1708. The Attorney-General's consent is commonly required to commence proceedings that could affect Australia's international relations or national security. These are considerations that the CDPP is not able to take into account under the Prosecution Policy of the Commonwealth.

1709. Paragraph 123.5(1)(a) requires the Attorney-General to provide written consent before proceedings for the commitment of a person for trial for an offence against Part 5.6 can be commenced. This provides the Attorney-General opportunity to receive advice from relevant agencies and other Ministers on sensitivities that might arise if proceedings are commenced for offences under Part 5.6, and provides opportunity for consideration of whether the prosecution could be detrimental to Australia's foreign relations and national security.

1710. Consistent with paragraph 123.5(1)(b), proceedings that relate to security classified information (as defined in section 121.1) must also not be initiated unless the Attorney-General has certified that, at the time of the conduct that is alleged to constitute the offence, it was appropriate that the information had a security classification.
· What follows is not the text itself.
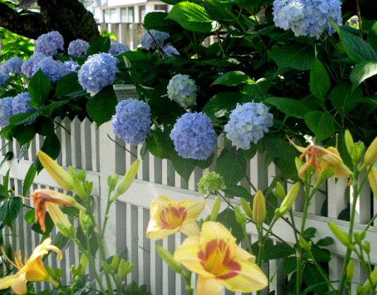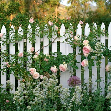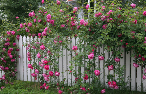 Istället för klätter kan ni sätta friväxande buskar som blommar, det är fint när de letar in mellan spjälorna. Ex vipp- eller vidjehortensia, rosor (vresrosor är anspråkslösa och tåliga, som 'Louis Bugnet' och 'Fru Dagmar Hastrup'). Bifogar bild i kommande kommentar.

The Attorney-General will need to receive briefing from the originating agency about the appropriate level of security classification that should be applied to the information. This will ensure that a person is safeguarded from prosecution for an offence relating to information classified secret or top secret if the classification was not appropriate at the time the person committed the offence. For example, a document may have been created many years ago, when it appropriately carried a classification of TOP SECRET but given the passage of time the document may now not be sensitive and may be unclassified. In these circumstances, certification could not be given.

1711. As long as a classification of either SECRET or TOP SECRET is appropriate, the Attorney-General will be able to give a certification under paragraph 123.5(1)(b). For example, if a document was classified as TOP SECRET two years ago, but now appropriately carries a classification of SECRET, the Attorney-General will be able to give the certification.

1712. Subsection 123.5(2) clarifies that the following steps can be taken towards preparing for proceedings, without the written consent of the Attorney-General having been given:

a person may be arrested for the offence and a warrant for such an arrest may be issued and executed
a person may be charged with the offence, and
a person so charged may be remanded in custody or on bail.

1713. Subsection 123.5(3) provides that nothing in subsection 123.5(2) prevents the discharge of the accused if proceedings are not continued within a reasonable time. Australian common law recognises that a prosecution may be stayed where there is undue delay, to protect Australia's justice system from abuse of processes. The right to stay a prosecution also supports the Court's role in providing procedural fairness to a defendant, and helps maintain public confidence in the administration of justice. It is therefore appropriate that subsection 123.5(3) specify that the steps towards commencing proceedings as described at subsection 123.5(2) do not prevent the discharge of the accused if proceedings are not continued within a reasonable time.

1714. Subsection 123.5(4) provides that the Attorney-General must consider whether the conduct constituting an offence against Part 5.6 of the Criminal Code might be authorised in a way mentioned in subsection 122.5.

1715. Subsection 122.5 provides defences to offences against Part 5.6. Therefore, the effect of subsection 123.5(4) is to ensure that the Attorney-General consider whether an accused's conduct might be authorised as described in a defence when considering whether to provide consent to prosecute.

Item 7 - Application

1716. This item provides that the amendments made by Part 1 of Schedule 2 of the Bill apply to conduct that occurs on or after the commencement of this item.